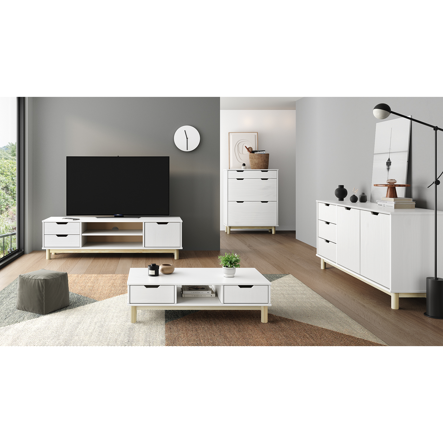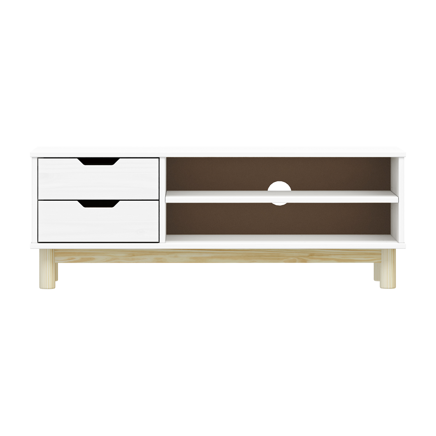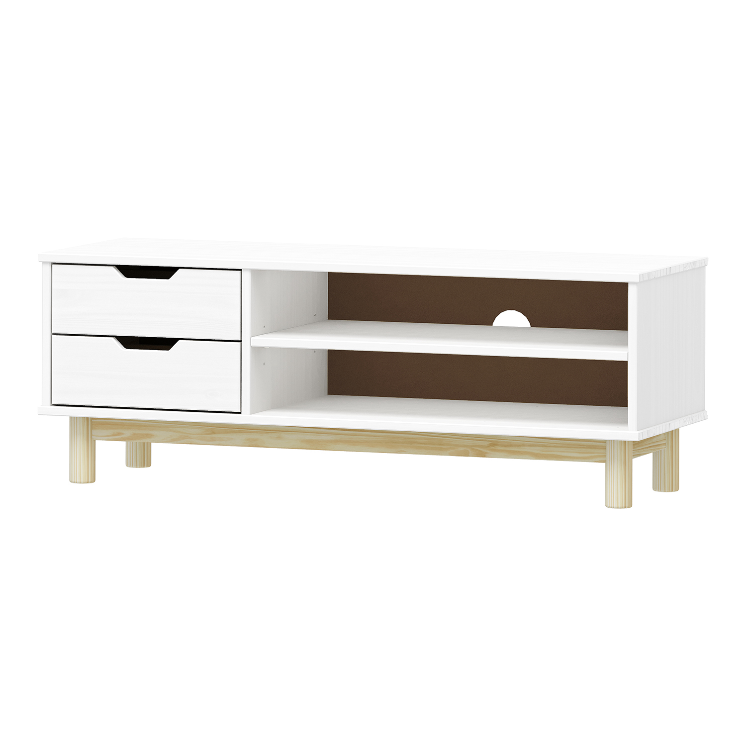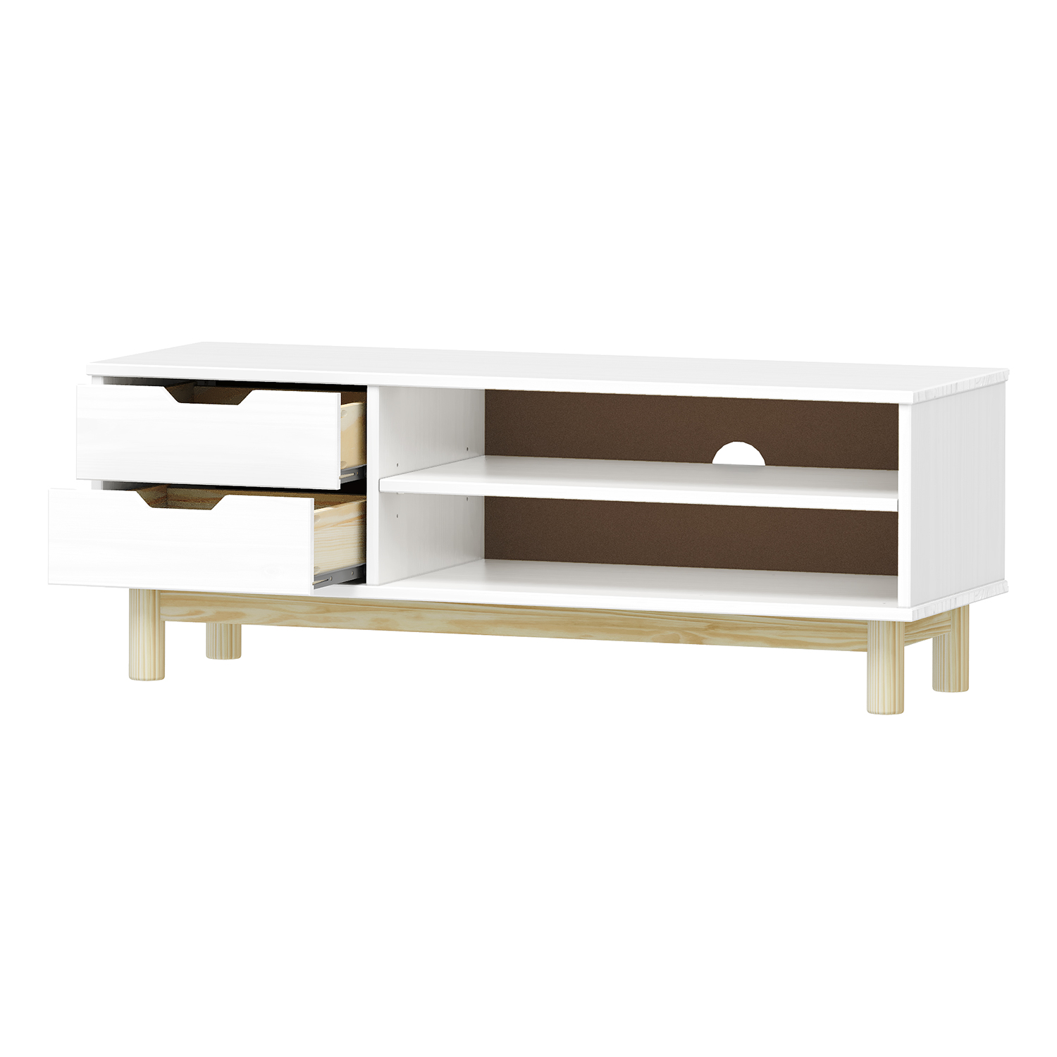 Termékkód: 324101anyaga tömör fenyő, színe fehér lakk2 fiók fém futókkal, 1 ajtó, 1 polcfurat a kábelvezetéshez
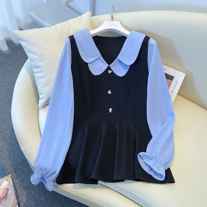 撞色拼接长袖衬衫2025春款洋气上衣假两件显瘦遮肉胖MM大码女装
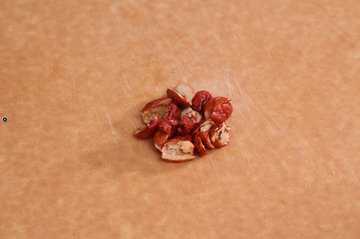 2.把排骨及腌料加入搅拌碗内,腌排骨20分钟,加入红枣,拌匀。
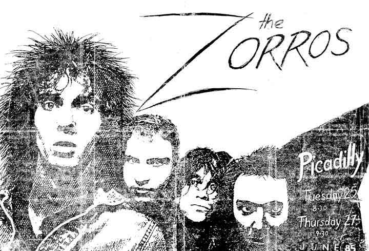 The Zorros were popular in the Melbourne music scene of the early 1980s, playing at numerous local venues such as the Crystal Ballroom, Bombay Rock, Brunswick and The Esplanade, St Kilda. In October 1981 released a 7" single on Au Go Go Records, "Too Young",[3][5] written by Chancellor.[6] It was mixed and produced by Tony Cohen (The Birthday Party),[7][8] which went to number 3 on the Melbourne 3RRR charts.[9]

■ ■ ■ ■ ■ ■ ■

TASK DETAILS. Repeat the material above exactly. Leave every picture out of it.

EXPECTED OUTPUT.
 Termékkód: 324101anyaga tömör fenyő, színe fehér lakk2 fiók fém futókkal, 1 ajtó, 1 polcfurat a kábelvezetéshez
 撞色拼接长袖衬衫2025春款洋气上衣假两件显瘦遮肉胖MM大码女装
 2.把排骨及腌料加入搅拌碗内,腌排骨20分钟,加入红枣,拌匀。
 The Zorros were popular in the Melbourne music scene of the early 1980s, playing at numerous local venues such as the Crystal Ballroom, Bombay Rock, Brunswick and The Esplanade, St Kilda. In October 1981 released a 7" single on Au Go Go Records, "Too Young",[3][5] written by Chancellor.[6] It was mixed and produced by Tony Cohen (The Birthday Party),[7][8] which went to number 3 on the Melbourne 3RRR charts.[9]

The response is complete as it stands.